Reply: We corrected in Figure 3.

How the two datasets GSE43850 and GSE38776 were analyzed? Please add how many samples from each dataset was used? It seems the two datasets have different platforms? How they can be directly used for DEG analysis?

Reply: We appreciate the reviewer’s careful observation. In the revised manuscript, we have clarified the dataset selection and analysis process:

From GSE43850, we included 3 ESC samples and 3 ES-like cell samples.

From GSE38776, we included 3 SSC samples.

It is correct that the two datasets were generated using different array platforms. To ensure comparability, all raw CEL files were reprocessed using the Robust Multi-array Average (RMA) normalization method within the Transcriptome Analysis Console (TAC v4.0). Batch effects between platforms were corrected using the ComBat function from the sva package in R, which adjusts for technical differences while preserving biological variation.

After normalization and batch correction, the combined expression matrix was used for differential expression analysis with the empirical Bayes (eBayes) ANOVA method.
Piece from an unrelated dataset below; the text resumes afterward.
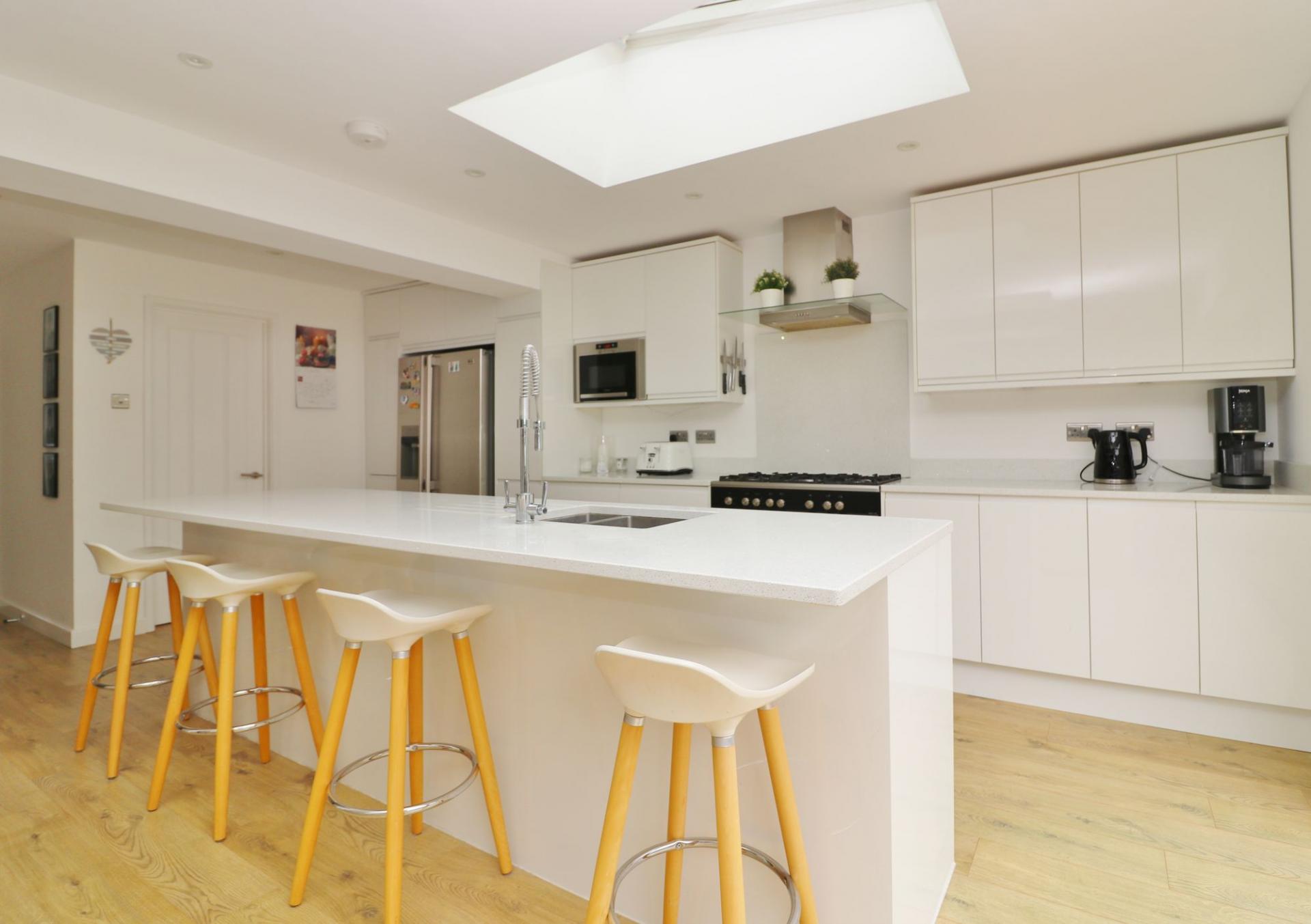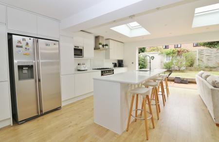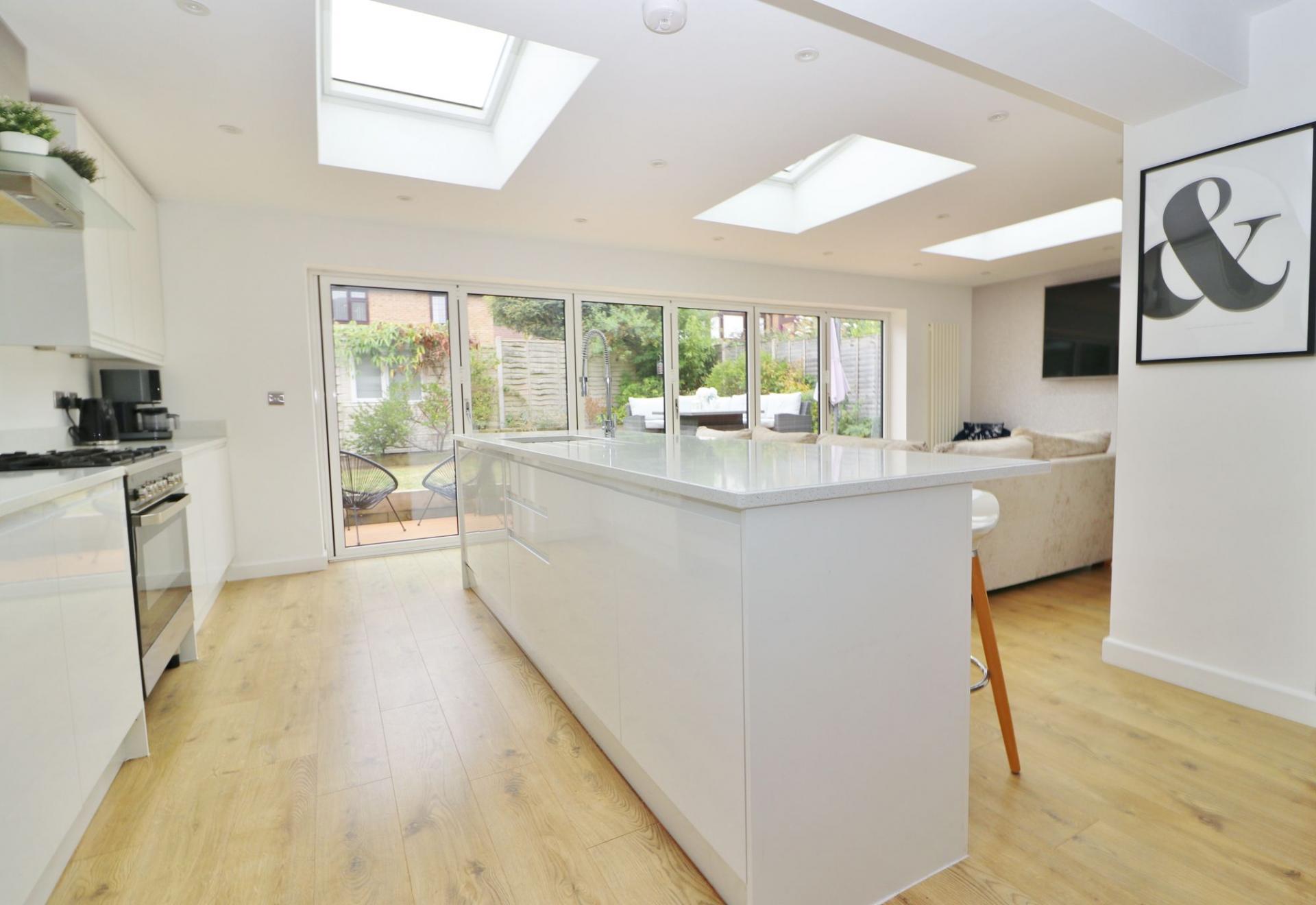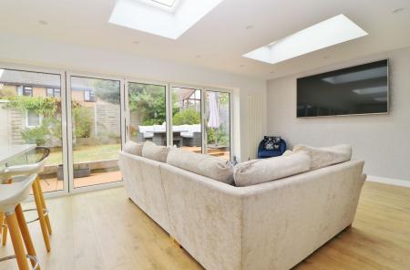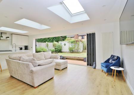 The heart of the home has to be the wonderfully spacious kitchen/diner/family room, which has a part-vaulted ceiling with skylight windows and bi-folding doors opening out to the rear garden.

This allowed us to directly compare SSCs, ES-like cells, and ESCs across datasets.

We have now revised the Materials and Methods (Section 2.6) to include this information, and we have updated the Results section to specify the sample numbers and preprocessing workflow.

The terminology like SSCs, ES-like cells, and ESCs should be consistent in every place in the manuscript.

Reply: We thank the reviewer for this important suggestion. We have carefully revised the manuscript to ensure consistency in terminology throughout. Specifically:

Spermatogonial stem cells are now uniformly referred to as SSCs.

Embryonic stem cell-like cells are consistently referred to as ES-like cells.

Embryonic stem cells are consistently referred to as ESCs.

Figure 4: The figure text is difficult to read. Please make it large.

Reply: Done.

Author Response File: Author Response.pdf

Round 2

Reviewer 1 Report

Comments and Suggestions for Authors

The authors addressed all my observations, and I recommend the publication of this manuscript.